# Trek 850 : What year?



## nuck_chorris (Jun 6, 2008)

I know I should have asked this a long time ago but i just started to wonder what year this was.







. it came with Alivio components.


----------



## Thirdrawn (Mar 22, 2007)

I'm gonna go with 1994.


----------



## Cayenne_Pepa (Dec 18, 2007)

Trek made the 850 model from 1994-1997. I believe yours is a 1994 model. The black and crimson fade paint is a rare one indeed. When did you convert it to SS?


----------



## Thirdrawn (Mar 22, 2007)

Zachariah said:


> Trek made the 850 model from 1994-1997.


With all due respect, I think this range is too narrow. Trek didn't release an 850 each year, or they may have released a SHX version with a suspension fork rather than a rigid fork (1994 saw the release of both models, incidentally). But Trek released the 850 off and on until 1997. The earliest catalog I've seen (1984) even contains an 850.

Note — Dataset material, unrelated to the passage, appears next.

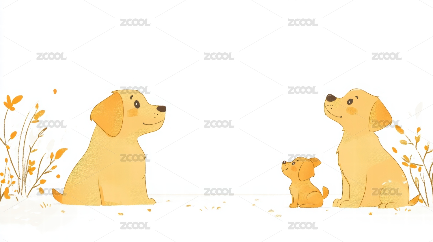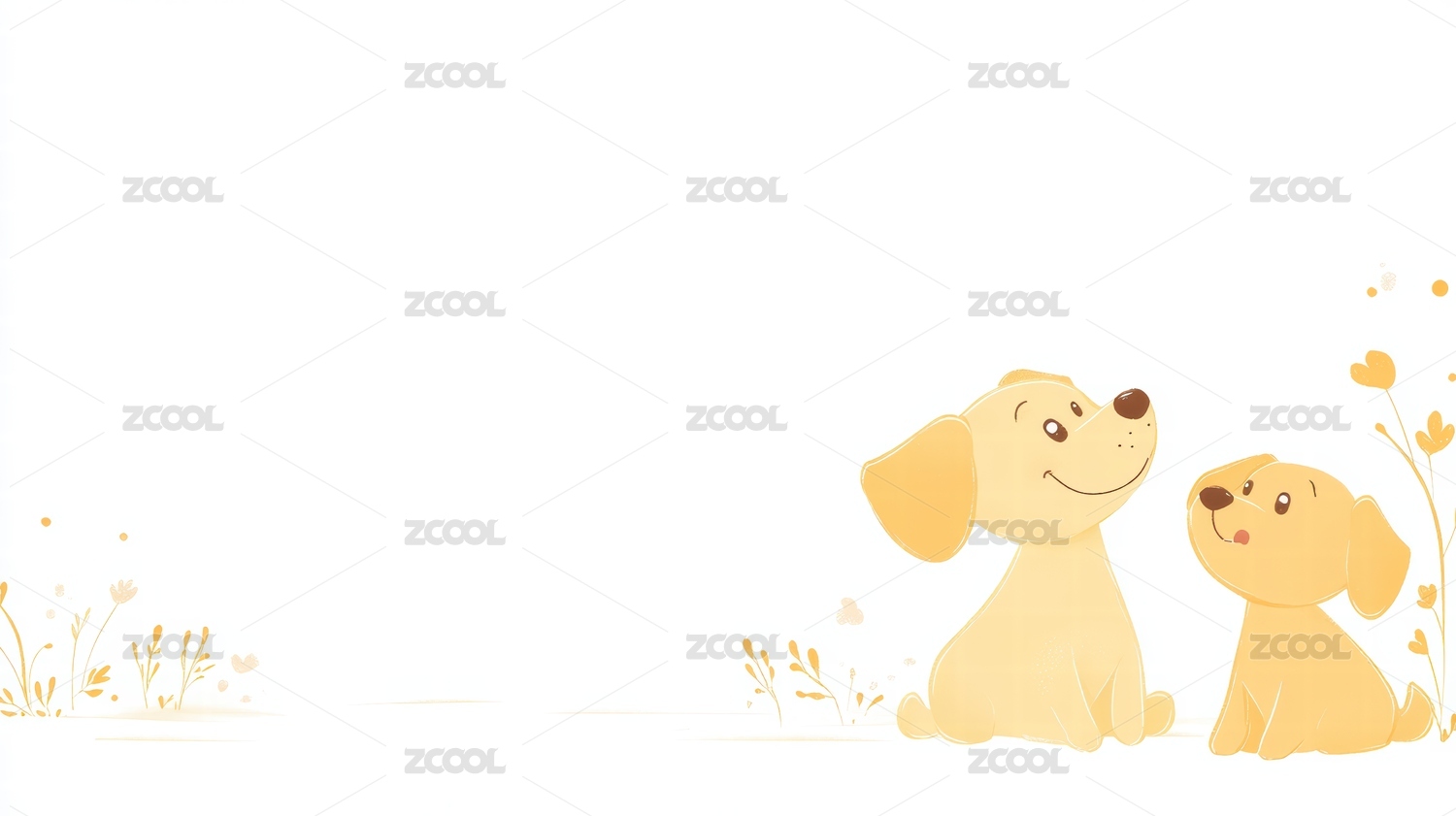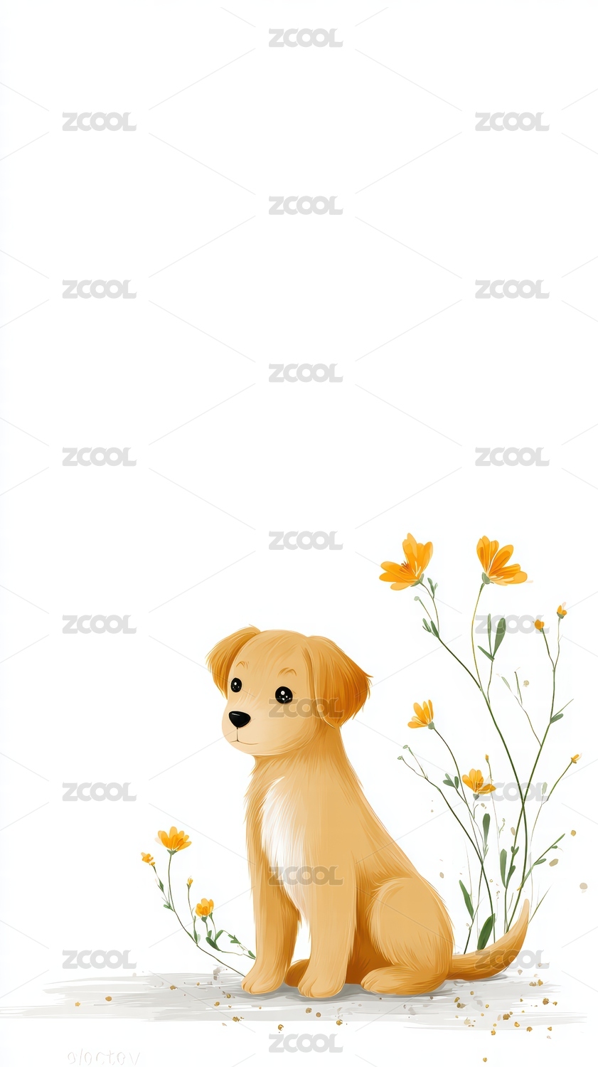 背景,水彩,温馨,自然,小狗,花丛,黄色,对视,安静

Again, I may be mistaken or the information I'm looking at may be incorrect. But I wanted to point out that this bike comes from the tail-end of the 850's lifetime rather than the beginning.


----------



## Cayenne_Pepa (Dec 18, 2007)

Owning more Treks than I ever did...you may be right. I am simply going by what BikePedia listed. I am NO Trek bike historian!


----------



## Guest (May 16, 2009)

looks very much like the one in the 94 catalog (page 16)

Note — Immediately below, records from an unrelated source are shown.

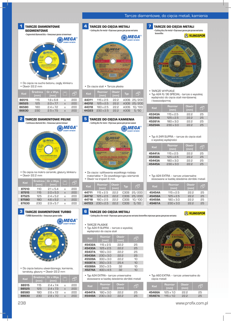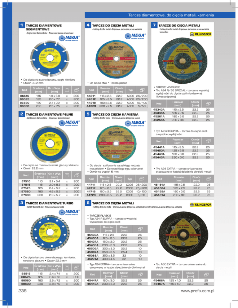 238 www.profix.com.pl Tarcze diamentowe, do cięcia metali, kamienia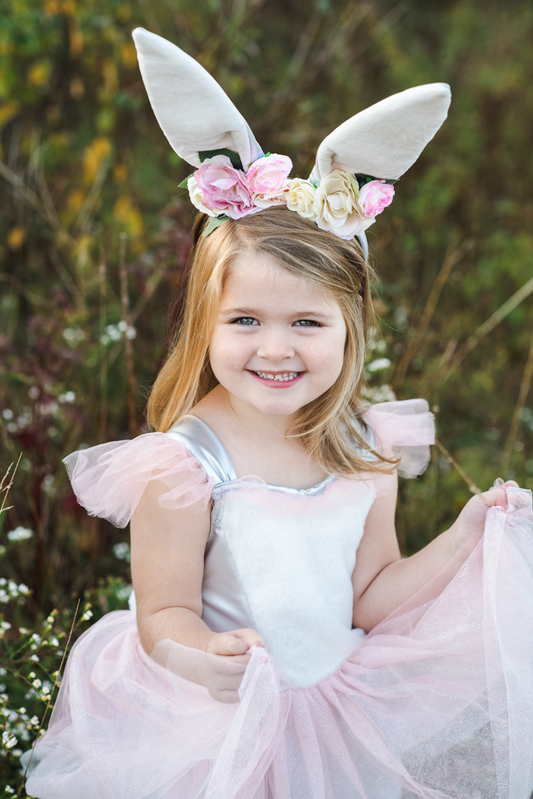 Featuring a soft fur bodice that will make children feel like a real bunny, this dress is the ultimate in comfort and style. And with a beautiful pale pink tulle skirt and matching tulle sleeves, it's the perfect outfit for any springtime occasion. This outfit is completed with a cute bunny tail on the back of the dress and a whimsical tall bunny ears headband, making it the perfect accessory for any little one who wants to hop into spring in style. Watch a child as they hop and play with joy and wonder all season long with this set.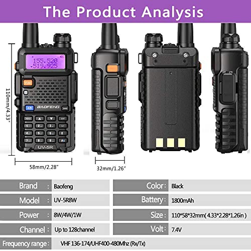 BaoFeng UV-5R 8W High Power Two Way Radio Ham Radio Dual Band Portable Radio Tri-Power Handheld Walkie Talkies
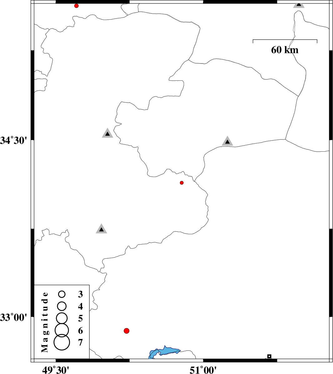 | 2012/04/19 | 07:19:20.4 | 11:49:20.4 | 34.14 | 50.78 | 18 | ML:1.6 | Markazi Province, 19 km North-East of Delijan | ||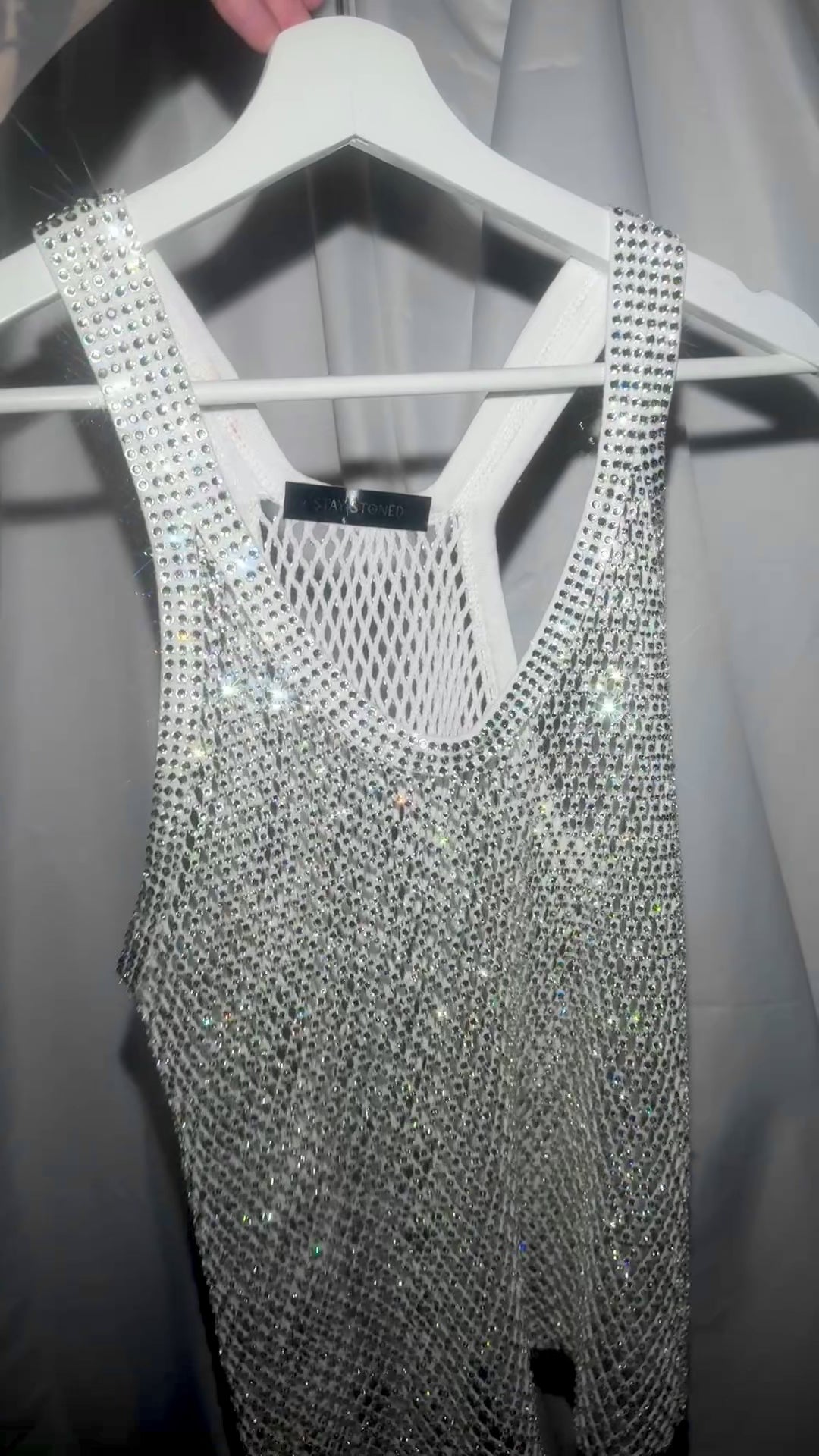 Fully crystallized, fully blinged. It’s the perfect night out shirt. Slightly cropped right at the hip bone, this shirt can fit either a medium or a large. Medium for a slightly looser fit, large for a more fitted look ✨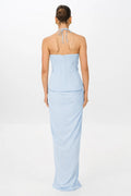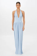 The Landon Dress is crafted from a soft stretch jersey that moves fluidly with the body, draping into a floor-length silhouette that commands attention. The deep halter neckline frames the décolletage while structured paneling contours the waist in a thick crepe for a sculpted fit. A subtle front split reveals the leg with effortless grace, balancing allure and sophistication.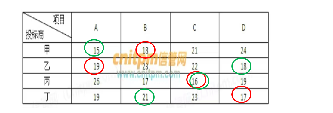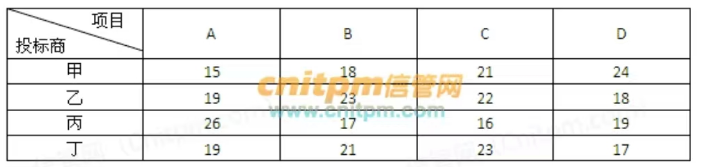 某公司要把4个有关能源工程项目承包给4个互不相关的外商投标者,规定每个承包商只能且必须承包一个项目,在总费用最小的条 下确定各个项目的承包者,总费用为( A )。(各承包商对工程的报价如下表所示)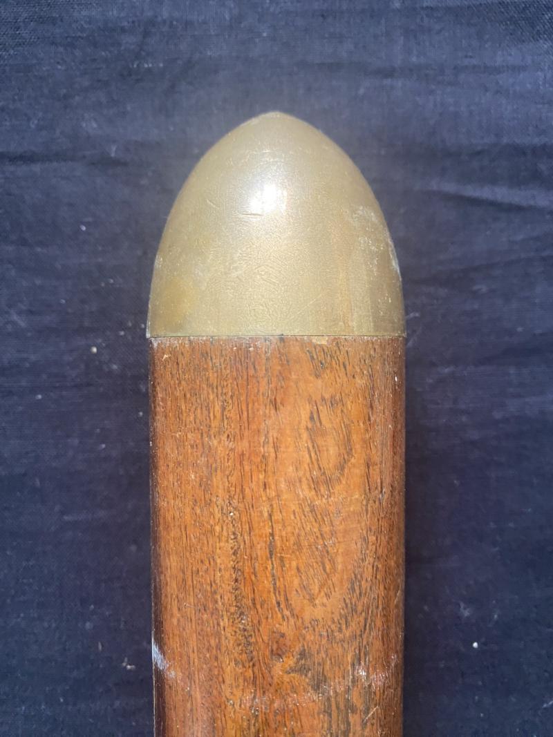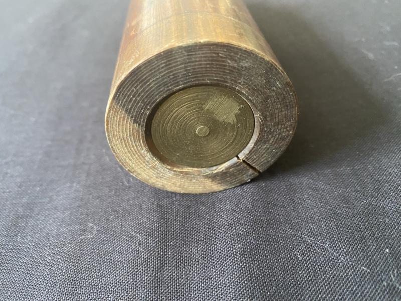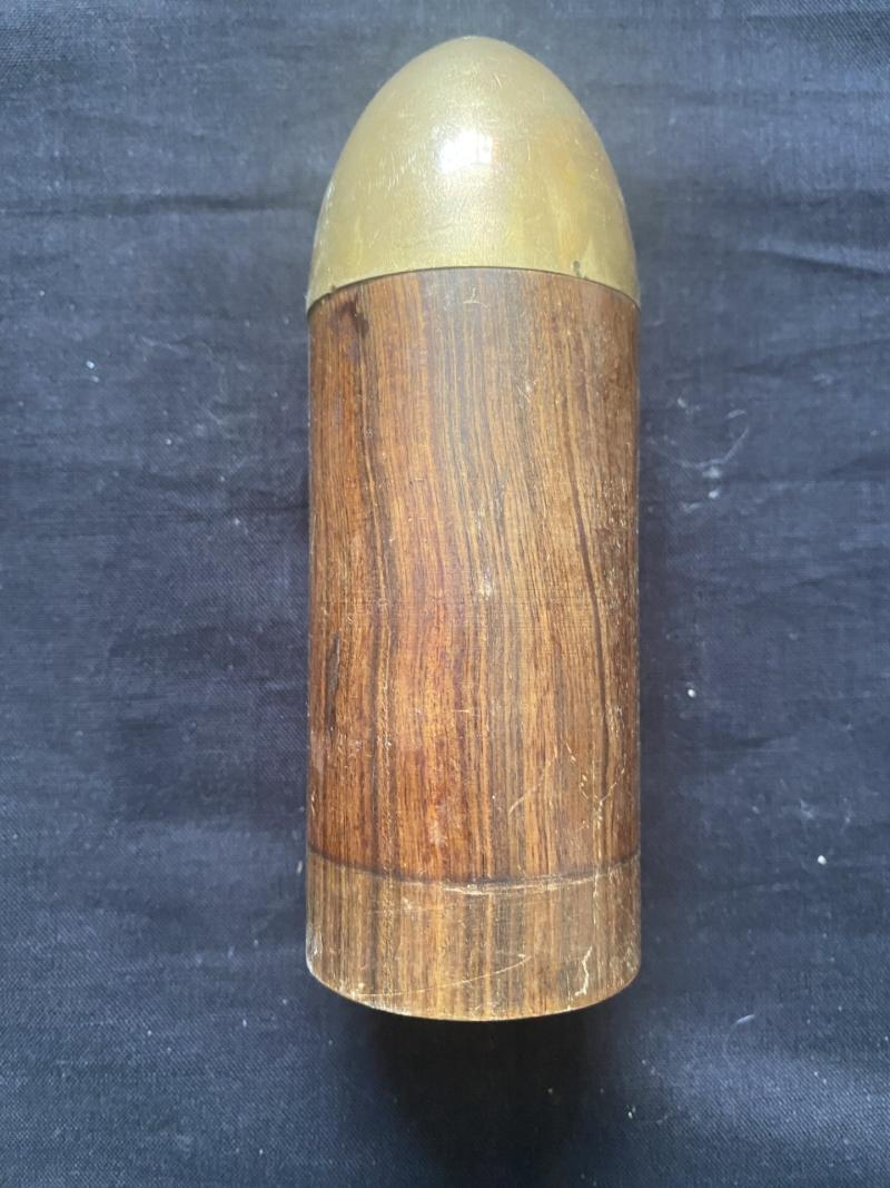 This is a45mm Wooden Trench art, there is a split down one side of the wood, Approx. 12.5cm tall.

http://www.mtb-kataloge.de/Bikekataloge/PDF/Trek/1994.pdf

http://www.vintage-trek.com/model_numbers1.htm

850

83, black metallic with red panel and head tube
84, black with red graphics
85, black with red graphics
86 Antelope - tamarak (olive drab), also pink to white fade
87 Antelope - blue metallic with white decals, also red/black fade with silver decals 
88, yellow with blue decals, also black with magenta decals
89, silver with bright blue decals, also denim blue with yellow decals 
90, intense blue with white decals, also white with black decals
91, red with black splash with white decals on black and silver
92, Antelope - sour grape with white decals
94, floating violet/black fade with white decals, also steel blue with black decals
95, Mercury silver/steel blue fade with black decals, also ice green with blue decals
96, Saturn silver/ice indigo fade with ice indigo decals, also dry ice red with black decals
97, dry ice blue with black decals


----------



## nuck_chorris (Jun 6, 2008)

It was Converted to SS back in Early 08 . Thanks guys for helping me out ,I was thinking the 80's but now i see its early 90's


----------



## rockhound (Dec 19, 2005)

Do you mind if I piggyback on this thread?

I built up a black Antelope frame and fork that had the same headtube badge.

The thing is it has pencil seatstays at the seat-tube and an 1-1/8 headtube (threaded).

I thought by the time the 1-1/8 headtube was introduced; pencil seatstays were long gone.

Any idea?


----------



## Fillet-brazed (Jan 13, 2004)

All I can say is: Hot bike! Saw one exactly like that (same year even) at the grocery store about two years ago.


----------



## Ingemar (Sep 5, 2009)

*Ingemar*

I bought mine in 1982 or 83.


----------



## Glide the Clyde (Nov 12, 2009)

It's a '94


----------